[Data to process Boundary: Start]
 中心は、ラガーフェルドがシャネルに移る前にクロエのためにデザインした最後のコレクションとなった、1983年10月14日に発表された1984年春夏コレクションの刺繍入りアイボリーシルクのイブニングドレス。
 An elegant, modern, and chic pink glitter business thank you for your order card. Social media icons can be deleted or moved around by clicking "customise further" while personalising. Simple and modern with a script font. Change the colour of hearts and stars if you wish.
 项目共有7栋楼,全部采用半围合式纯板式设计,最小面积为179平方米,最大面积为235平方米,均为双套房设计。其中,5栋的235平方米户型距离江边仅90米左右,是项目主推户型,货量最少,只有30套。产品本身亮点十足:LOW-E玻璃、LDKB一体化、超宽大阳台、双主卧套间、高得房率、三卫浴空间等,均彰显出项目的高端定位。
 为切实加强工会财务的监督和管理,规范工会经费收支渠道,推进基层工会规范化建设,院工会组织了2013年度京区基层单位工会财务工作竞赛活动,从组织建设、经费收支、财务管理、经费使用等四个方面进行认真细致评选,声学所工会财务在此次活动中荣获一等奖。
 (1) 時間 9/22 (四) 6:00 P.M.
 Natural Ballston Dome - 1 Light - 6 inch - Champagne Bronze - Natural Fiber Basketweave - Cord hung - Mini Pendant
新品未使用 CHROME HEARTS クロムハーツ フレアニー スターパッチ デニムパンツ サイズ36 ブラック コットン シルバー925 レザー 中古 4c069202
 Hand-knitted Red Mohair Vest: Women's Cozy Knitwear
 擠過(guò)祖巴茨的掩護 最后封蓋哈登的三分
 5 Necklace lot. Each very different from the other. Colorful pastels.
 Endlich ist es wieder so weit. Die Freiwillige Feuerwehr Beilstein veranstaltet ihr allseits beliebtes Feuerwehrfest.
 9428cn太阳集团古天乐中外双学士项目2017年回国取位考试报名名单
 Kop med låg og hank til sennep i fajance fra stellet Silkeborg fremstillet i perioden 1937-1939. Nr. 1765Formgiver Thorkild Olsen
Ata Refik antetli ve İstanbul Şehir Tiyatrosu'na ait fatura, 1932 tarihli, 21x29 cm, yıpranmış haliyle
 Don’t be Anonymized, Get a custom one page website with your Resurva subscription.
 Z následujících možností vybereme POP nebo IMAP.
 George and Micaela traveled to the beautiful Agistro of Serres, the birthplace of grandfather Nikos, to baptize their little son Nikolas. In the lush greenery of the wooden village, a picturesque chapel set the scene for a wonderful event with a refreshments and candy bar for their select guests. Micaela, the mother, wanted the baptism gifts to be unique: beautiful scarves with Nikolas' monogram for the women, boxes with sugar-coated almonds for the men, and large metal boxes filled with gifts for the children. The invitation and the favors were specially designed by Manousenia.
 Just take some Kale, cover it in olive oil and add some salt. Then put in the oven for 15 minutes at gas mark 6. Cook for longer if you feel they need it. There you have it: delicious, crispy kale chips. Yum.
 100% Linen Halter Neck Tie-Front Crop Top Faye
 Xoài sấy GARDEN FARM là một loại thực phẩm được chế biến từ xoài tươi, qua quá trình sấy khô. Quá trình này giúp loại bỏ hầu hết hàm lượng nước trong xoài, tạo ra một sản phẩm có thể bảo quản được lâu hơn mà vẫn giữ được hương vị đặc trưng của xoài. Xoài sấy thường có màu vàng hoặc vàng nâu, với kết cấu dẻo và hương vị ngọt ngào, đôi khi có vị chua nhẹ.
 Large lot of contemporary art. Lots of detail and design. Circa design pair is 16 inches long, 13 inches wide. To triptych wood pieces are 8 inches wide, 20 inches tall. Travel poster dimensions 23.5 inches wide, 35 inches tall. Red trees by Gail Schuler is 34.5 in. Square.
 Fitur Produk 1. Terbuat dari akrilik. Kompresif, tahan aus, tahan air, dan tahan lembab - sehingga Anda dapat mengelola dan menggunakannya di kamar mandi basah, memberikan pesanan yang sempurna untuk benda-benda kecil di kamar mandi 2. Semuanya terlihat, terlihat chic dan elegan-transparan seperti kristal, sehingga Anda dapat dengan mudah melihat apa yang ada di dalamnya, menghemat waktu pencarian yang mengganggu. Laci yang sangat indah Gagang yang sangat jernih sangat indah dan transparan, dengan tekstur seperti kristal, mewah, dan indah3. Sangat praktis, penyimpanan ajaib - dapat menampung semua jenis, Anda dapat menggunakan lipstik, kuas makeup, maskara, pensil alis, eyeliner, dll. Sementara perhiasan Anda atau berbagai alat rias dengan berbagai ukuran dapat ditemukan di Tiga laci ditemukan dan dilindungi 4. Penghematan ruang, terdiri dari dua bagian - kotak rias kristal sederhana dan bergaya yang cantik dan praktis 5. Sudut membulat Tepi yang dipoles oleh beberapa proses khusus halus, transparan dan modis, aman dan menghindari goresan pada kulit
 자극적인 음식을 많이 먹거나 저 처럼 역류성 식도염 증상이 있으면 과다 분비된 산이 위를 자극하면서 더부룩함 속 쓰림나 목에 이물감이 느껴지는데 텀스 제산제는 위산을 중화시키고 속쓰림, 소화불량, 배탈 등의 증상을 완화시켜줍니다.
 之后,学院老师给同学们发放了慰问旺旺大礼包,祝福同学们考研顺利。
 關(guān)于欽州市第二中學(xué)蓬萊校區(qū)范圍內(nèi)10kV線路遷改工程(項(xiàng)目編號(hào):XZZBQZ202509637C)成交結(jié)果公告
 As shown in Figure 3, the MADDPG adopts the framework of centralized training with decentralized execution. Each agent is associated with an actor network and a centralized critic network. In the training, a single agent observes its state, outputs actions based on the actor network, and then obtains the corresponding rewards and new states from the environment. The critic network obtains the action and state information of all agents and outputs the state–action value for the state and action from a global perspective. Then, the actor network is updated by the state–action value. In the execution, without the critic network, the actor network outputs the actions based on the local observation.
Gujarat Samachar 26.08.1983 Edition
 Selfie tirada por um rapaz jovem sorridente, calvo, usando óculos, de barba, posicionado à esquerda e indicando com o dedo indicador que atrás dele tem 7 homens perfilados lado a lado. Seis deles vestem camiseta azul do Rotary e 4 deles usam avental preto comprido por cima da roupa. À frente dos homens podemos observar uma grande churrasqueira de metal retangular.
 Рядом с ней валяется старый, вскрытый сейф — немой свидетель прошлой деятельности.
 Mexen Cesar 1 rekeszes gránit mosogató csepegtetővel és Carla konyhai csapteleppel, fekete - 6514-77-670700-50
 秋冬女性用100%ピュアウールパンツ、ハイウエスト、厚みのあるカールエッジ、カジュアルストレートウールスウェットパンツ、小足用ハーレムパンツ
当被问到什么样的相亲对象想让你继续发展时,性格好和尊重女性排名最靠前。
[Data to process Boundary: End]
**What the task requires:** Count the lines above that contain the word "Each". Write only the number.

**Output of the exercise:** 2